Published: 2016-10-28 18:51:15
Updated: 2016-10-28 18:51:15
Posted October 28, 2016
Fayetteville, N.C. — Dozens of Fayetteville residents put in sweat equity to earn a Habitat for Humanity home. Now, they are sweating again to make repairs caused by Hurricane Matthew.
Montgomery Street, off Old Wilmington Road, is filled with Habitat homes, and the debris of destroyed belongings is now piled in front of them as the homeowners try to rebuild their lives.
"Flood came through and took us on out, destroyed our home," Donnell Simmons said. "We lost everything."
Simmons has lived in a Habitat home for 18 years. He also spent 18 years as a cook, and his skills are coming in handy now as he uses a propane cooker to prepare meals.
"I took my family across the street over there to the shelter so we got rescued.
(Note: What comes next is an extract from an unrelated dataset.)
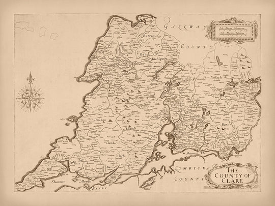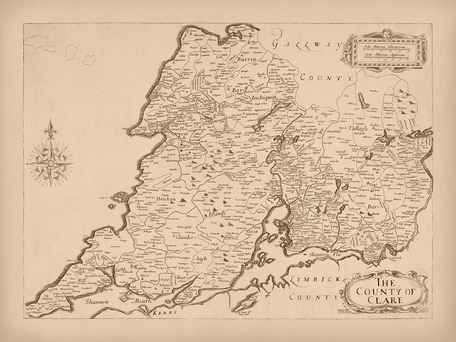 Diese Karte der Grafschaft Clare, ursprünglich 1685 von Sir William Petty veröffentlicht, ist eine detaillierte politische und physische Karte, die eine Fülle von Informationen über die Grafschaft im späten 17. Jahrhundert bietet. Die Karte basiert auf dem Down Survey of Ireland, der ersten detaillierten Landvermessung auf nationaler Ebene weltweit, die zwischen 1656 und 1658 durchgeführt wurde. Pettys Karte ist eine verkleinerte Version des Down Survey, schafft es aber dennoch Erfassen Sie den bemerkenswerten Detaillierungsgrad, der durch die ursprüngliche Umfrage erreicht wurde.
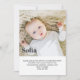 A simple First Birthday invitation featuring your own photo and the child's name over the top. You can edit all of the text plus the color of the text.

They came in and took us out on a boat," he said.
Fifteen years ago, Annie Woodard worked hard to get a place of her own in the neighborhood. She said she will never forget how Hurricane Matthew washed away her piece of the American dream.
"I was on the phone and hoping it wouldn't come in, and my feet started getting wet," Woodard said. "I was looking out the window, and it was going down the street and coming in the door.
"The sound, that was the worst," she said.
Woodard said she used a bicycle horn and a white flag to signal someone in a passing boat to rescue her. Now, her two brothers and her sister from Florida are helping clear the house so repairs can be made.
Gov. Pat McCrory toured the Habitat community on Friday and spoke with residents.
"Right now, our biggest challenge in the recovery from Hurricane Matthew is going to be housing," McCrory said. "We don't even have hotels to put people in because a lot of our hotels flooded."
None of the Montgomery Street residents had flood insurance. Although the Federal Emergency Management Agency is providing some financial assistance – primarily short-term housing and food – it once again will be Habitat volunteers who will help the residents reclaim their homes.
"I see only good things, and there's a good community development here," Habitat volunteer Ron Sheridan said. "You've got a core of Habitat homes in one area, so they're all in the same boat. They all understand what's happening and what's going to happen, and I can only see positive things. This neighborhood is going to be better than it was."